Remove the following fixtures — they either inject raw cache files (no longer
valid format) or predict cache file paths using url_to_cache_filename
(SHA-256), which CacheControl does not use:

Fixture Line Action
url2cachepath 77 Remove — only consumed by the path-prediction fixtures below
inject_cached_download 100 Remove — writes raw content; CacheControl uses msgpack format
inject_cached_ref 126 Remove — same
get_download_cache_loc 92 Remove — path prediction no longer valid
get_ref_cache_loc 118 Remove — same

Keep downloads_cache_dir / refs_cache_dir (lines 87, 113) and
keep cache_dir (line 63) — still useful for asserting cache directory
existence when needed.

tests/unit/test_cachedownloader.py — Specific changes

Update the import block (lines 10-16): Remove _cache_hit and
_lastmod_from_response — both symbols are deleted from cachedownloader.py.

Tests to remove:

Test Lines Reason
test_cache_hit_by_mtime 95-113 mtime-based caching removed entirely
test_cachedownloader_handles_bad_lastmod_header 257-310 _lastmod_from_response removed
test_lastmod_from_header_uses_gmtime 352-383 Same
test_cachedownloader_cached_file 116-129 Tests monkeypatched _download method, which is removed
test_cachedownloader_validation_is_not_invoked_on_hit 313-345 Depends on inject_cached_download (removed) and response.from_cache (not testable with responses mocks)
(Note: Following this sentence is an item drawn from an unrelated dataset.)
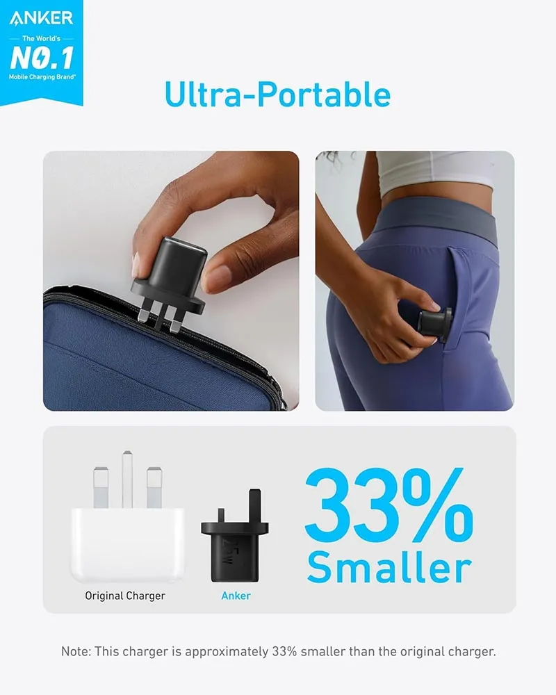 Compact and Portable – 33% smaller than standard chargers, with a foldable plug for easy storage

Tests to simplify (remove get_download_cache_loc dependency and file-
existence assertions — these tests are about retry behavior, not caching):

test_cachedownloader_on_success (line 132):

  • Remove get_download_cache_loc fixture usage and f.exists() assertions.
  • Keep: verify cd.open() returns correct content (b"{}").

test_cachedownloader_succeeds_after_few_errors (line 160):

  • Remove get_download_cache_loc fixture usage and f.exists() assertions.
  • Keep: verify cd.open() returns correct content after retries.

test_cachedownloader_fails_after_many_errors (line 194):

  • Remove get_download_cache_loc fixture usage and f.exists() assertion.
  • Keep: verify FailedDownloadError is raised.

test_cachedownloader_retries_on_bad_data (line 225):

  • Remove get_download_cache_loc fixture usage and f.exists() assertions.
  • Keep: verify cd.open() returns correct content after retrying past bad data.

test_cachedownloader_using_alternate_target_dir (line 149):

  • Remove url2cachepath / path-based assertions.
  • Keep: verify cd.open() returns correct content.

Tests to keep as-is:

Test Lines Notes
test_default_filename_from_uri 37-39 url_to_cache_filename unchanged
test_default_cache_dir 42-92 _base_cache_dir unchanged. Works as-is thanks to lazy session building — CacheDownloader("downloads") only stores _cache_dir, no os.makedirs or FileCache until open() is called.

New tests to add (integration-focused):

Test Purpose
test_disable_cache_uses_plain_session When disable_cache=True, verify _build_session returns a plain requests.Session (not wrapped by CacheControl).
test_enable_cache_uses_cachecontrol_session When disable_cache=False and cache dir is valid, verify _build_session returns a CacheControl-wrapped session (check for CacheControlAdapter on the session).
test_cache_dir_none_uses_plain_session When _resolve_cache_dir returns None (e.g., Windows with no env vars), verify _build_session returns a plain session.

Aspirational cache-behavior tests (require a real HTTP server or alternative
to responses; not included in this PR but tracked for follow-up):

Test Purpose
test_etag_cache_revalidation Server provides ETag, no Last-Modified. Second request sends If-None-Match, gets 304.
test_cache_control_max_age Server provides Cache-Control: max-age=3600. Second request served from cache.
test_last_modified_revalidation Server provides Last-Modified. Second request sends If-Modified-Since.
test_no_caching_headers_not_cached Server provides no caching headers. Response is not cached.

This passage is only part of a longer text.